Exercise requirements — Repeat the listing that follows exactly. Pictures are not part of the copy.

Data segment —
== Segment start ==
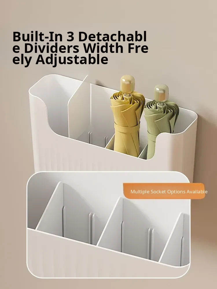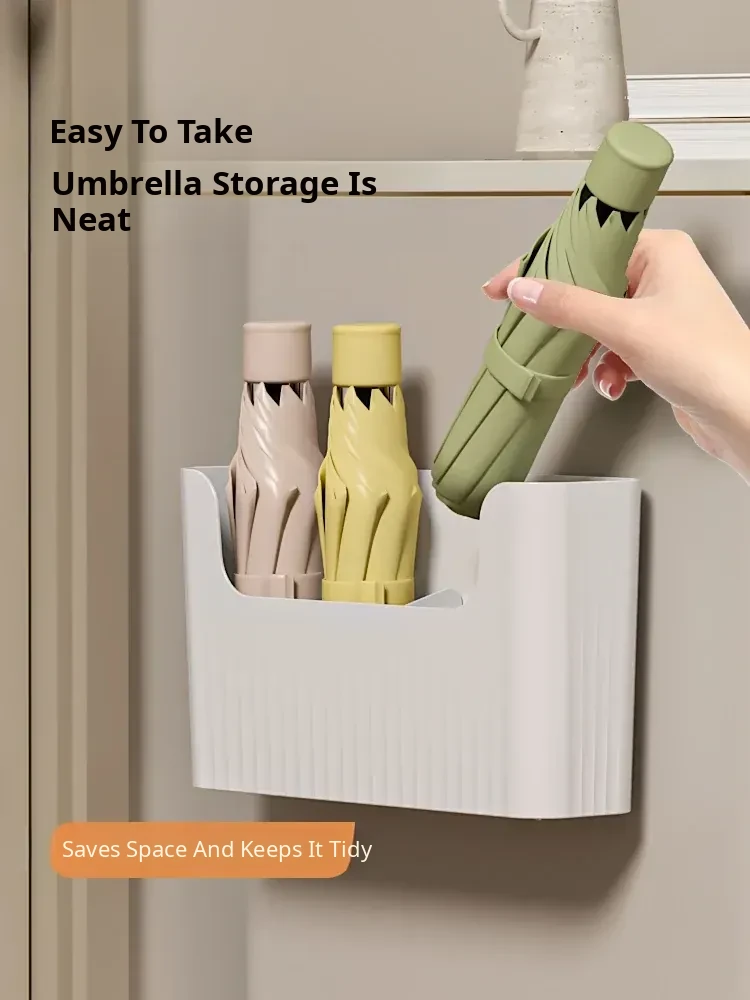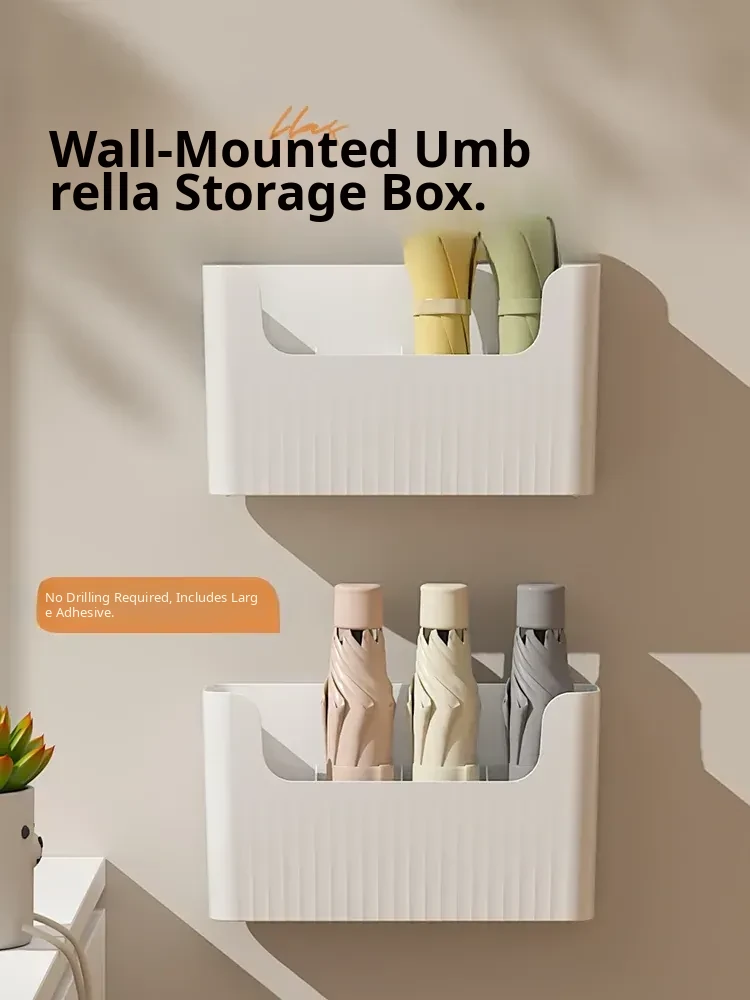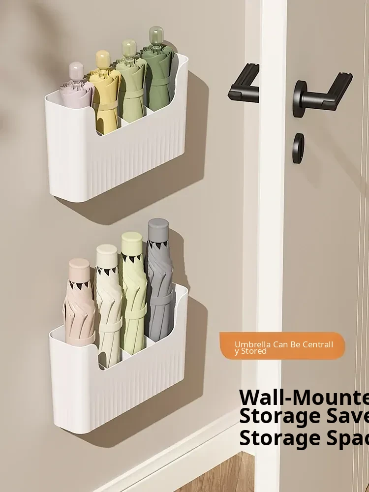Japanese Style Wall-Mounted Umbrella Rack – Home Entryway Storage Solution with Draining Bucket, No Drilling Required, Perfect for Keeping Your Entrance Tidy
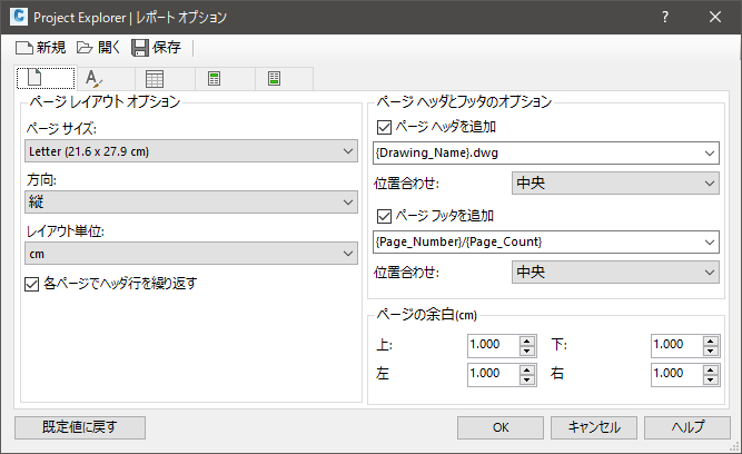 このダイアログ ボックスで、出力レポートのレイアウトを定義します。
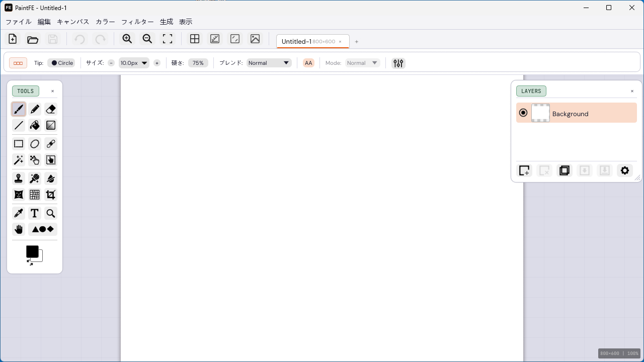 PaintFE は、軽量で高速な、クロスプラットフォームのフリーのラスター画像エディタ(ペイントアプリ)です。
== Segment end ==
Response —
Japanese Style Wall-Mounted Umbrella Rack – Home Entryway Storage Solution with Draining Bucket, No Drilling Required, Perfect for Keeping Your Entrance Tidy
 このダイアログ ボックスで、出力レポートのレイアウトを定義します。
 PaintFE は、軽量で高速な、クロスプラットフォームのフリーのラスター画像エディタ(ペイントアプリ)です。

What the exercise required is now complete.